As of the publication of this post, the Kids Online Safety Act has earned the co-sponsorship of more than 60 senators, including Majority Leader Schumer. This comes after critical updates urged by civil society groups and youth advocates. This would be a significant leap forward towards accountability in no small part due to the advocacy of watchdog groups, youth advocates and parents. It will then need the same bipartisan majority support in the House to progress to the President’s desk.

As a show of the momentum behind this issue, Senators Cantwell and Cruz have also reaffirmed their commitment by co-sponsoring COPPA 2.0, a bill that updates the existing 1998 to strengthen its provisions that center privacy by design. 

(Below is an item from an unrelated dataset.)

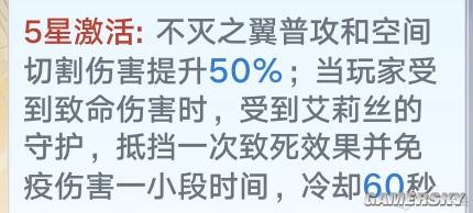艾莉丝5星效果:增加了普攻和空间切割的伤害,以及60秒一次的免死效果。

Uniquely, kids’ online safety and privacy generates vast support that spans party lines. At both the state and federal levels, leaders are pairing with unlikely allies to tackle this issue. Because of that, advocates like Design It For Us – a first-of-its-kind youth-led coalition – are afforded the opportunity to continue to mobilize young people across the country and the world based on shared values and urgency. In the coming months, kids online safety and privacy advocates will fight to pass state legislation like the Kids Code in Maryland, Minnesota, and Vermont, and federal legislation like the Kids Online Safety Act and the Children’s Online Privacy Protection Act to pass legislation that is decades overdue. 

Although lawmakers are 25 years late to the fight, there’s never been more urgency to finally achieve accountability, safety and privacy online.